This has fed through to global inflation, which has started to rise from historically low levels. The time has come for investors to consider whether their portfolios are properly positioned in this environment.
Even though the pace of economic growth will probably ease this year as a result of the disruption of the credit markets, demand from emerging economies, particularly China, is likely to keep commodity prices high. Central banks face the difficult challenge of balancing reduced economic activity with the risks of higher inflation. In developing countries, monetary policy may tighten, with interest rates rising, while the monetary authorities in the West are under pressure to reduce rates. This raises the spectre of a policy error, with potentially serious consequences.
Inflation is sometimes called the enemy of bond market investing, as rising prices erode the value of the returns from fixed-interest securities. In theory, equity investment should be protected from rising prices since revenues and earnings should rise at similar rates but inflation still poses a threat.
One obvious way of protecting against inflation is to hold inflation-protected bonds, where the interest payments and principal are linked to the inflation index.
A modest allocation to these instruments may be a sensible way to protect a portfolio against inflation but we currently see little value in Government bonds after the recent strength of the fixed-interest markets. In particular, the UK index-linked bond market currently appears to offer the prospect of very low long-term returns relative to European index-linked bond markets.
Over the long term, we see more potential in equity markets. In particular, we believe the long-term case for many of the world’s emerging markets remains intact, as does the case for companies involved in the production or distribution of commodities.
We would, however, favour emerging countries with healthy economic fundamentals and credible monetary and fiscal policies. We believe these have the option of tackling inflation through monetary tightening and currency appreciation and that selected companies in these countries offer excellent protection against the risk of inflation.
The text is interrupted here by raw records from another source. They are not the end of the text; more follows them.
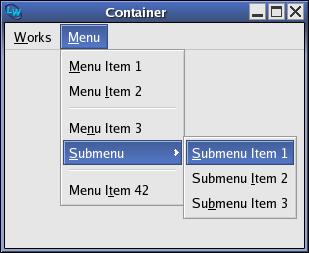 The combination of menu items, menu components and menus can create a hierarchical structure as shown schematically in A schematic example of a menu hierarchy and graphically in An example of a menu hierarchy. This menu has five elements, one of which is itself a menu (with three menu items) and the remainder are menu components and menu items. Items in a menu inherit values from their parent, allowing similar elements to share relevant properties whenever possible.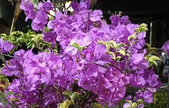 Saat ditemui di pameran tanaman di Taman Bungah Slawi, Kabupaten Tegal pada Jumat malam (28/6/2024), Sabarudin menunjukan tanaman bugenvil yang tumbuh bunga tiga warna. Warna dalam bunga itu, yakni ungu, putih dan kuning.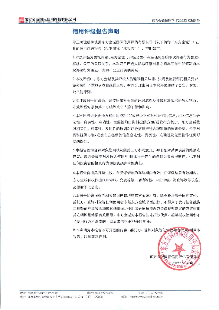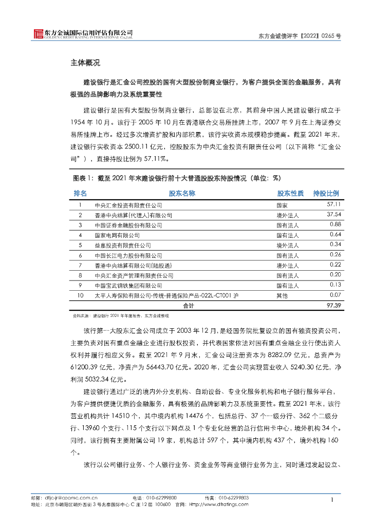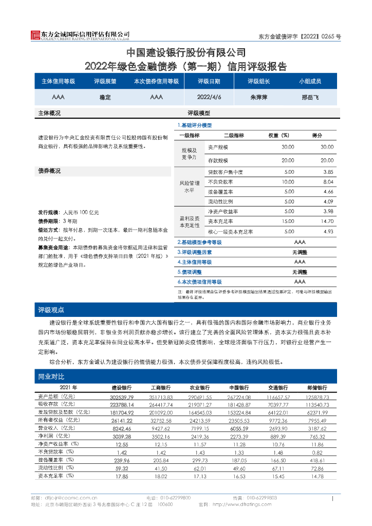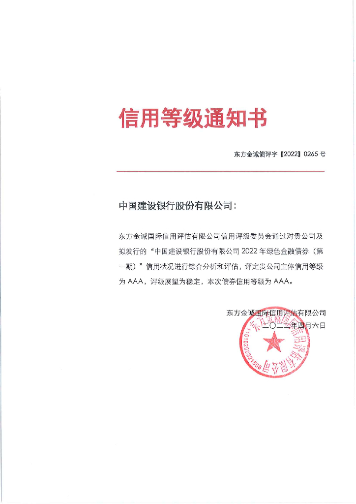 东方金诚:中国建设银行股份有限公司2022年绿色金融债券(第一期)信用评级报告及跟踪评级安排说明.pdf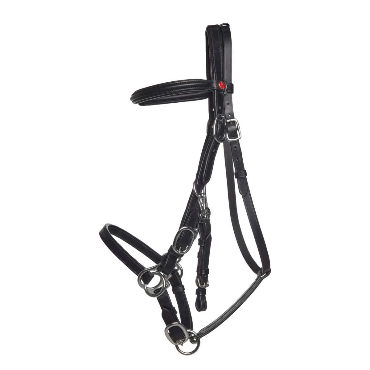 This multi functional bridle was developed in close partnership with LK Equestrian Sports and horse trainer Stefan Schneider for starting young horses and can be used both with and without a bit.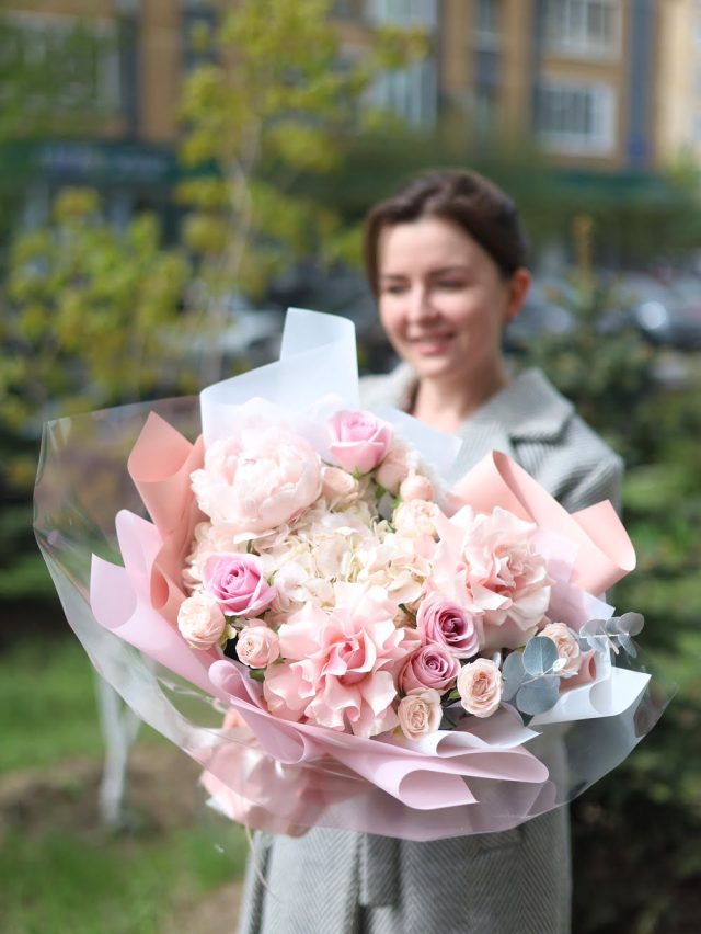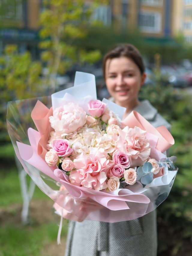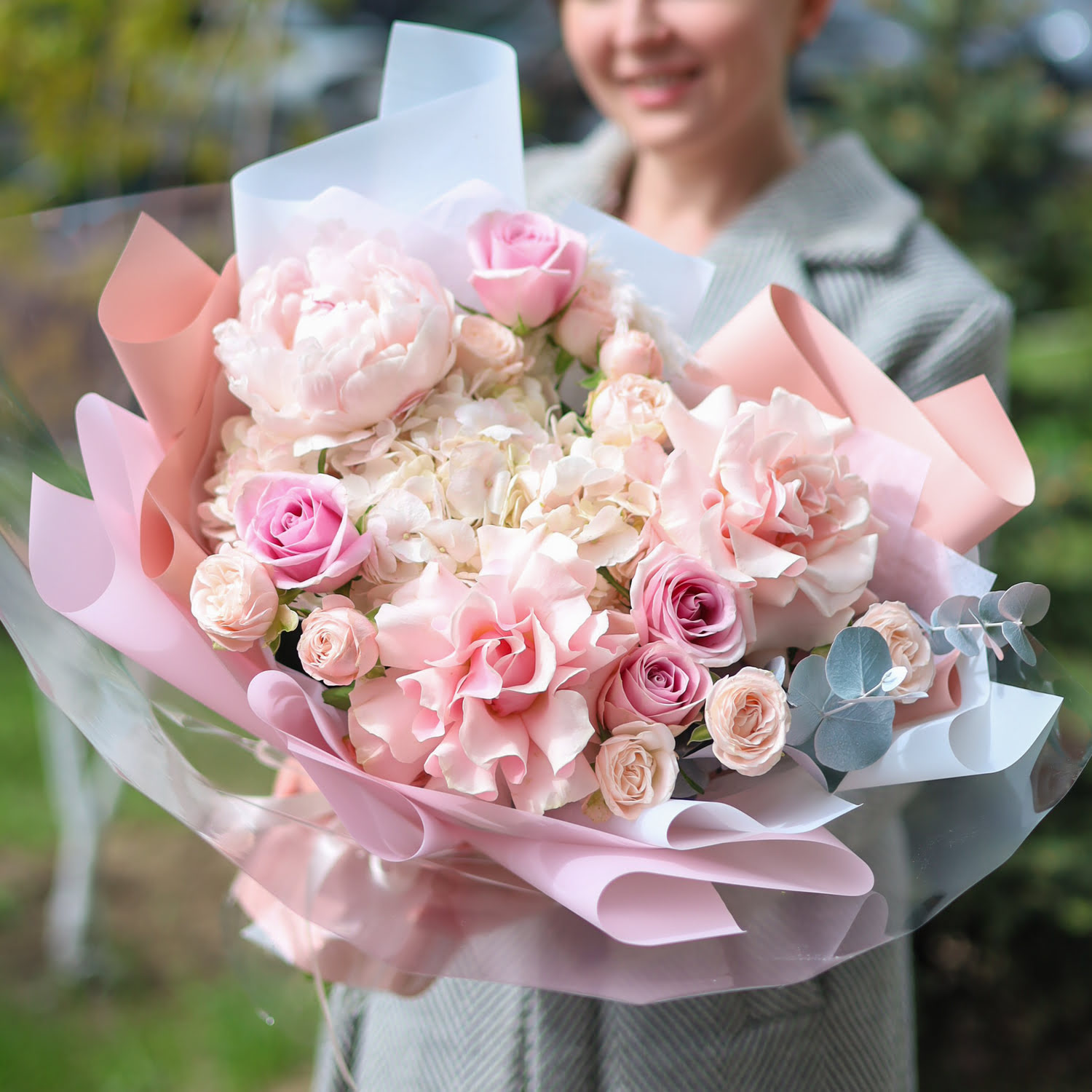В букете: одноголовые и французские розы, пышные гортензии, кустовые пионовидные розы, пион, эвкалипт. Вне сезона пион будет заменен на подходящий цветок.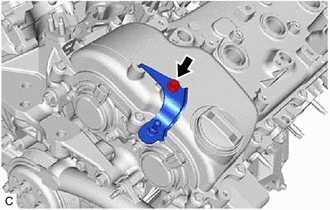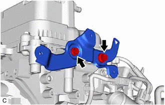 | (a) Remove the 2 bolts and water filler bracket from the camshaft housing sub-assembly LH. |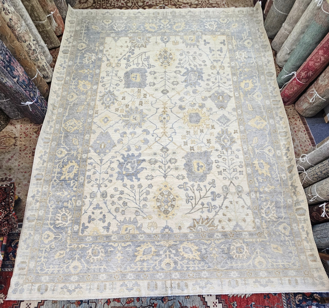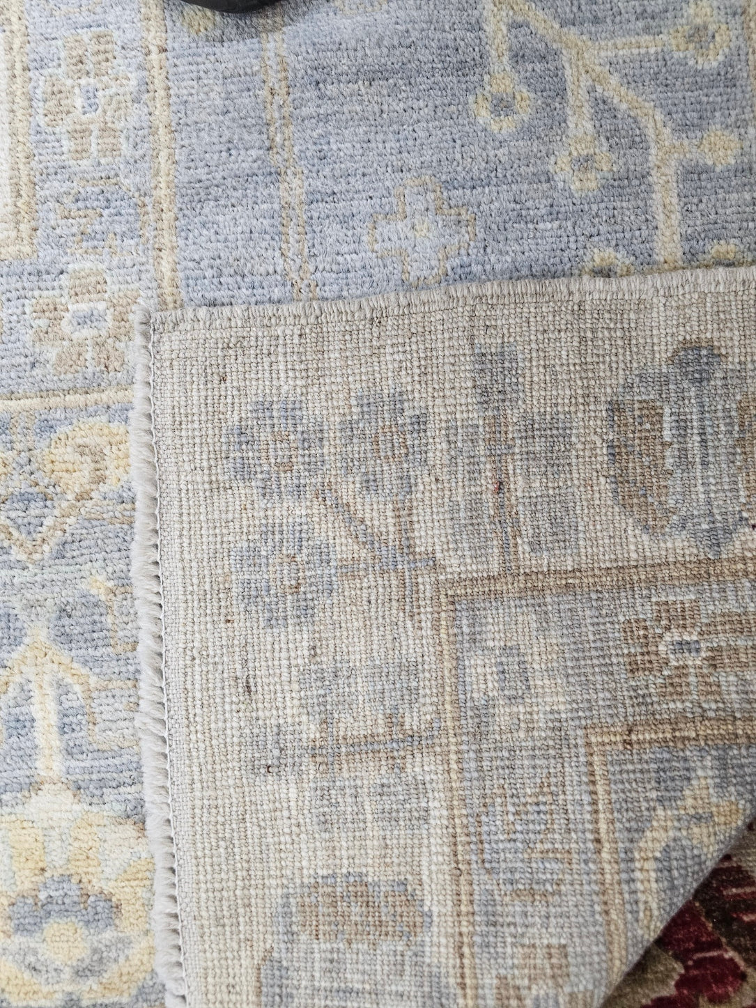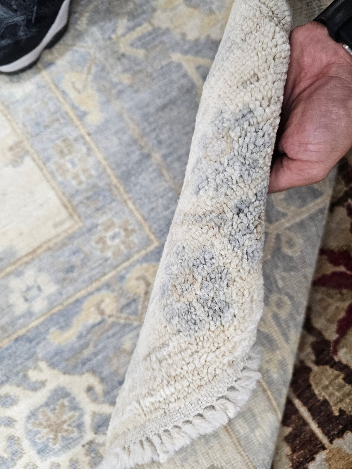 This Afghan Traditional Teawash Rug embodies timeless elegance with its soft, neutral color palette and intricate floral design. Measuring 10 x 14 feet, this hand-knotted piece features a delicate ivory field, beautifully complemented by subtle accents of muted blue, beige, and soft gray. The detailed floral and vine motifs flow gracefully across the rug, framed by an elaborate border that enhances the balance and sophistication of the design.
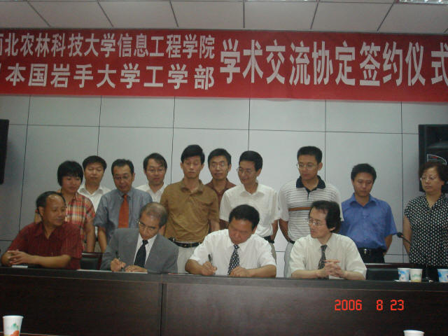 ,马场守部长代表岩手大学工学部双方进行正式签约并合影留念。协议约定如下:双方在信息科学、工学领域进行交流与合作。包括:共同研究与学术论文等的共同出版;双方就感兴趣之学术领域进行信息互换;为了推进学术研究,双方互派研究者、学生等。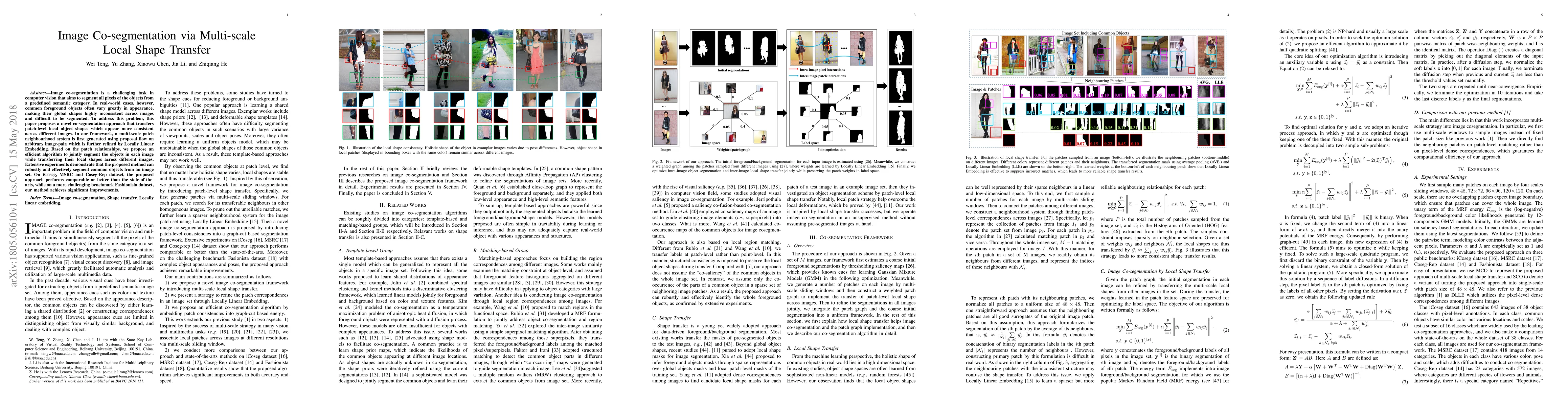 This paper introduces a novel co-segmentation method that leverages multi-scale local shape transfer to segment common objects across images despite significant appearance variations. The approach uses a multi-scale patch neighborhood system refined by Locally Linear Embedding to transfer consistent local shapes, achieving robust performance on various datasets.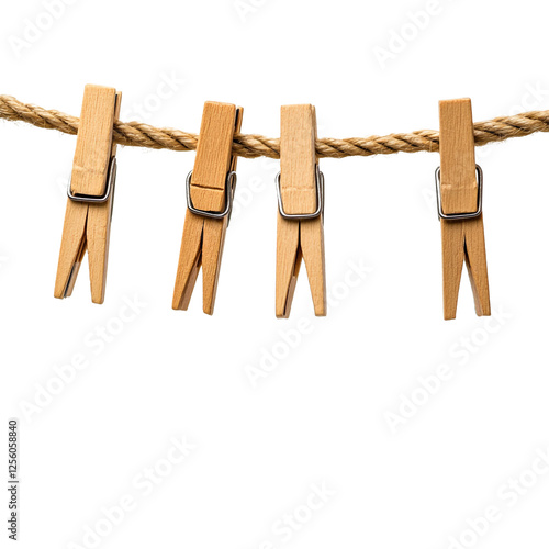 Wooden clothespins hanging on a rope simple and rustic design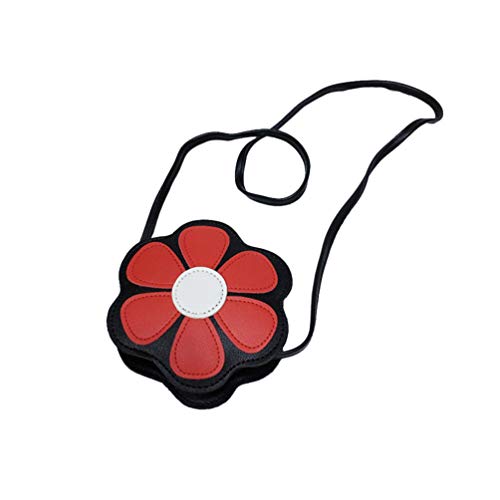 FENICAL borsa a tracolla a forma di fiore in pelle pu creativa con borsa a tracolla con zip borsa a tracolla portamonete per bambine (rosso)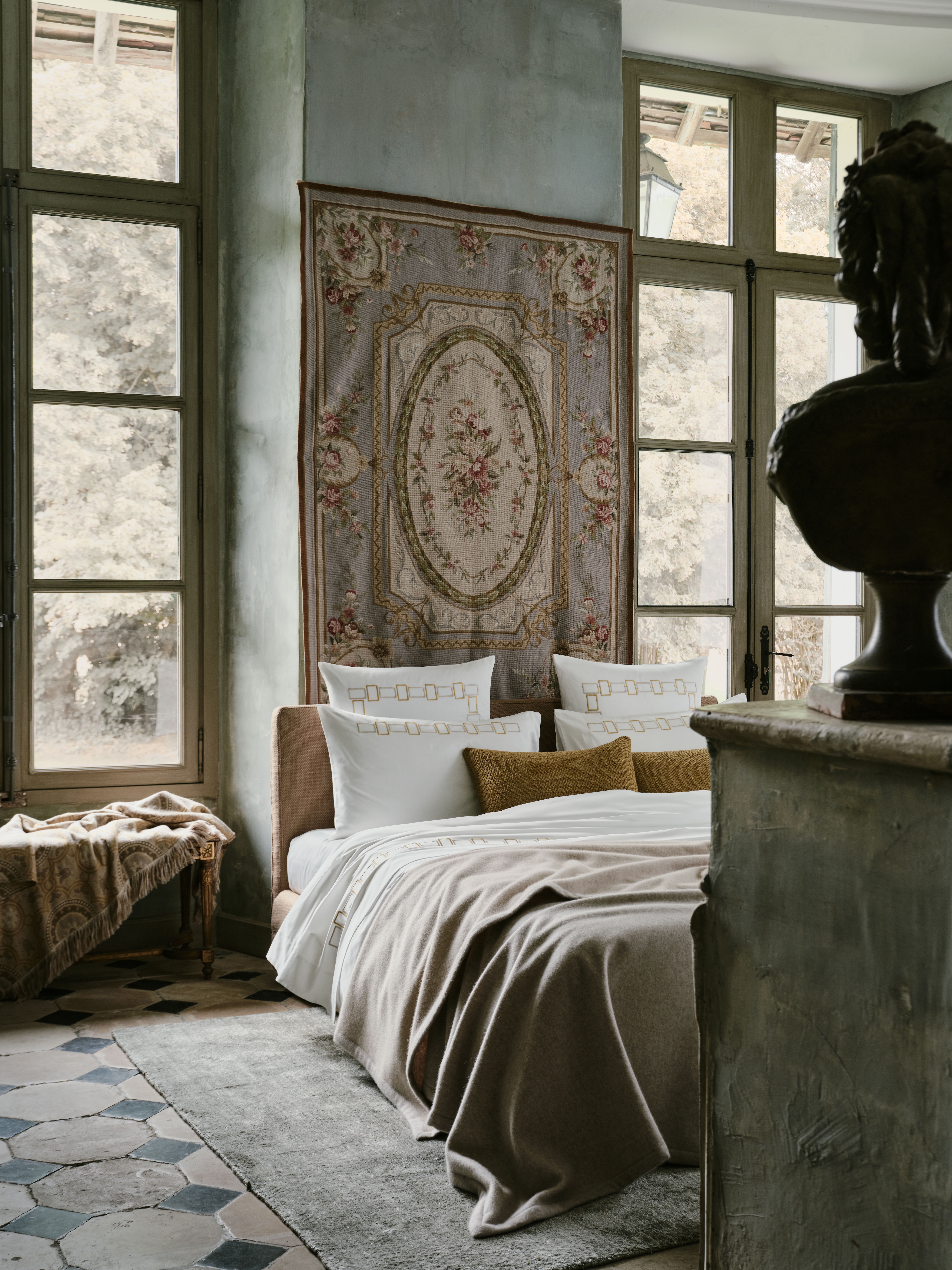 Photographed in a quintessentially grand Parisian residence, the first chapter of the collection highlights bed linens draped with a weighted grace and reveals textures in dusty tones.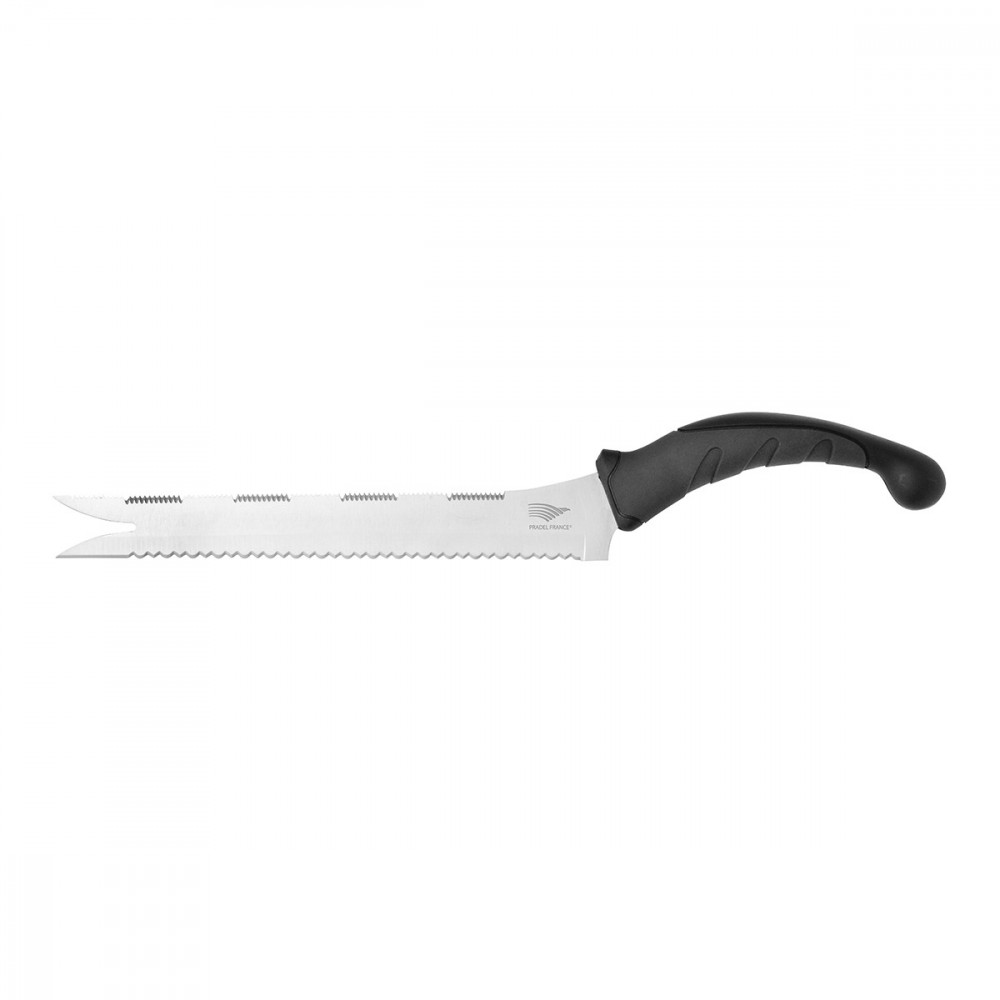 2 en 1, sa lame possède une partie pour découper les surgelés et une autre partie pour découper fromage, pain et viande.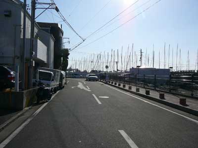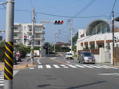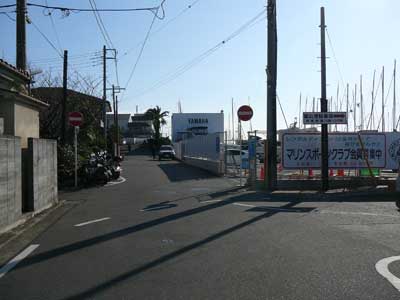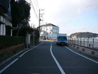| 森戸海岸線 鐙摺葉山港入口交差点を左に曲がって… |

This group includes the resource-rich Middle East and Russia and Latin America, which is well positioned to benefit from growing demand for food.
We are also confident that the long-term case for investing in Asia remains in place. China is expected to continue on its path of industrialisation and urbanisation, creating an environment where earnings can grow even if commodity prices rise.
Property has traditionally been a sensible choice for investors concerned about inflation, particularly where rental yields are subject to regular review. However, problems in the financial sector have started to affect the property markets in the US and UK, making us cautious about the prospects for this asset class at present. Instead, we would consider selected property markets in Europe and Asia, where the outlook is more buoyant. These markets could add useful diversification to a portfolio as well as a degree of inflation protection.
Another method of adding diversification while still aiming for returns in excess of inflation could be an allocation to hedge funds. Event-driven strategies can be positioned to benefit from rising prices while long/short strategies have the potential to short companies likely to perform badly in an infla-tionary environment.
Another possibility is an investment in funds which invest directly in commodities although this can be a rather specialist area.